▸ WORK REQUEST: Could you repeat exactly the lines below, from the line containing "Purchase the DISCOVERY" through the last one, both included, while leaving out any pictures?

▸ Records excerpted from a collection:
----

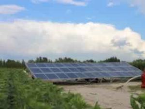 6月29日,第二臺(tái)樣機(jī)運(yùn)達(dá)雙崗鎮(zhèn),該機(jī)經(jīng)過(guò)了進(jìn)一步技術(shù)改進(jìn),改進(jìn)后的樣機(jī)由42塊光伏板組成,功率為10.5千瓦,配套7.5千瓦水泵,單機(jī)一次可對(duì)實(shí)現(xiàn)200畝農(nóng)田的滴灌試驗(yàn)獲得成功,比第一臺(tái)增加灌溉面積50畝,實(shí)現(xiàn)了人工追蹤太陽(yáng)光照角度的調(diào)整,使最大功率發(fā)電時(shí)間延長(zhǎng)了3個(gè)小時(shí)左右,達(dá)到9小時(shí)以上,生產(chǎn)工藝有較大改進(jìn)。
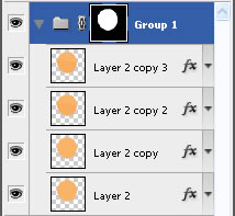 把這些圖層放到一個組里,給這個組加一個蘋果形狀的蒙版——以后在這個組里新建圖層,就不會畫到外面去了。
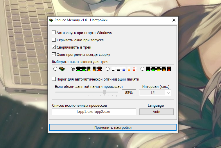 Спустя какое-то время оперативная память снова окажется переполнена. Вы можете повторно запустить утилиту Reduce Memory и выполнить чистку, а можно зайти в настройки и разрешить ей загружаться вместе с Windows и автоматически чистить память, когда занятый объём превышает установленное значение, или по временному интервалу (от 5 секунд до 10 минут). Когда свободной памяти больше, компьютер становится более производительным, а работать с ним приятнее, это неоспоримый факт.
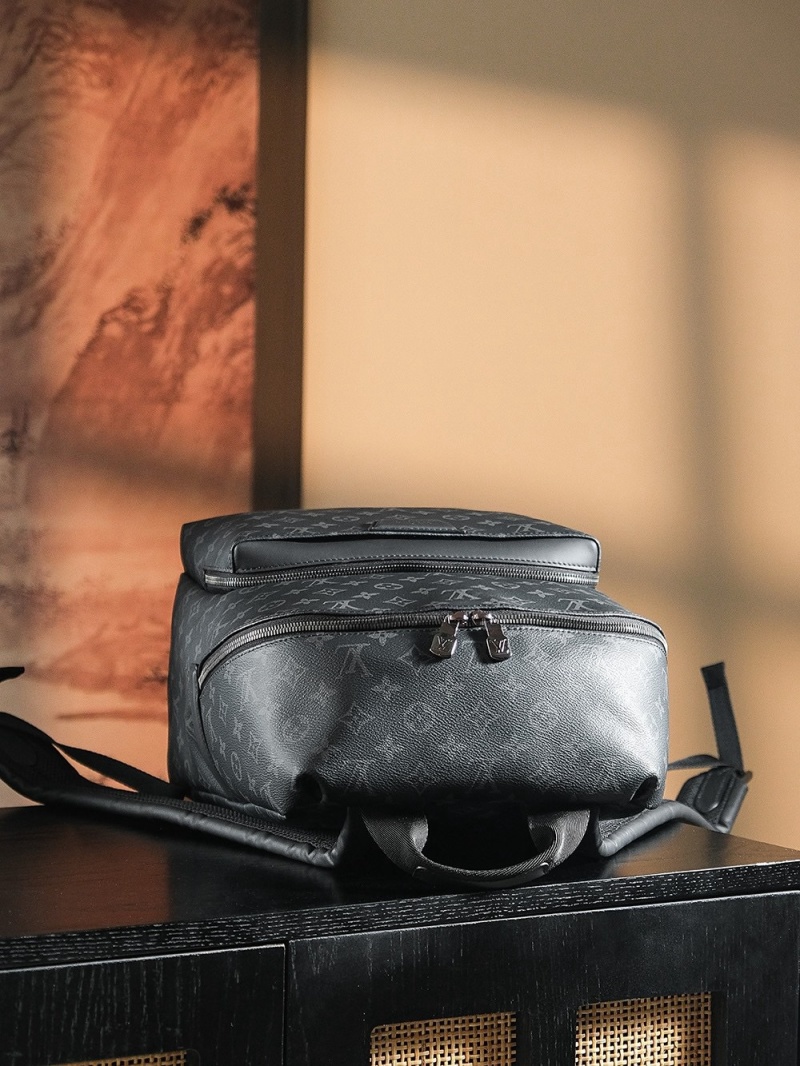Purchase the DISCOVERY classic men's backpack in black monogram canvas for the retail price of 18200 RMB. The black monogram tones give off a more understated and classy look compared to the classic floral patterns, making it versatile and suitable for any occasion. The backpack features ample space, with details on the shoulder straps made of genuine leather for a premium feel. Whether for work, daily outings, or travel, this backpack is a must-have! Its gender-neutral design is versatile and s
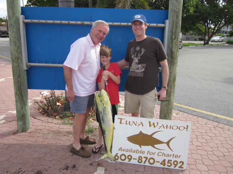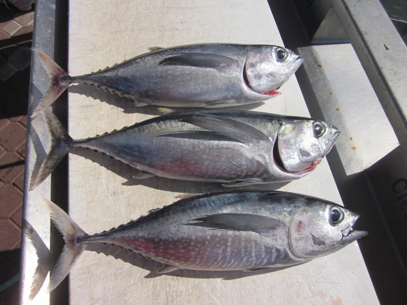 Ran 2 trips today, because of the lumpy (big) seas, decided to concentrate on trolling. After jumping off one big mahi, nine year old Dayton got into a big tussle in the morning with a nice mahi, he won ! In the afternoon everything seemed to shut down, kite baits were ignored, and the only thing we could find were some blackfins, but I understand they teamed up with some sesame seeds, wasabi, and soy sauce for a pretty good dinner !

----

▸ REPLY:
Purchase the DISCOVERY classic men's backpack in black monogram canvas for the retail price of 18200 RMB. The black monogram tones give off a more understated and classy look compared to the classic floral patterns, making it versatile and suitable for any occasion. The backpack features ample space, with details on the shoulder straps made of genuine leather for a premium feel. Whether for work, daily outings, or travel, this backpack is a must-have! Its gender-neutral design is versatile and s
 Ran 2 trips today, because of the lumpy (big) seas, decided to concentrate on trolling. After jumping off one big mahi, nine year old Dayton got into a big tussle in the morning with a nice mahi, he won ! In the afternoon everything seemed to shut down, kite baits were ignored, and the only thing we could find were some blackfins, but I understand they teamed up with some sesame seeds, wasabi, and soy sauce for a pretty good dinner !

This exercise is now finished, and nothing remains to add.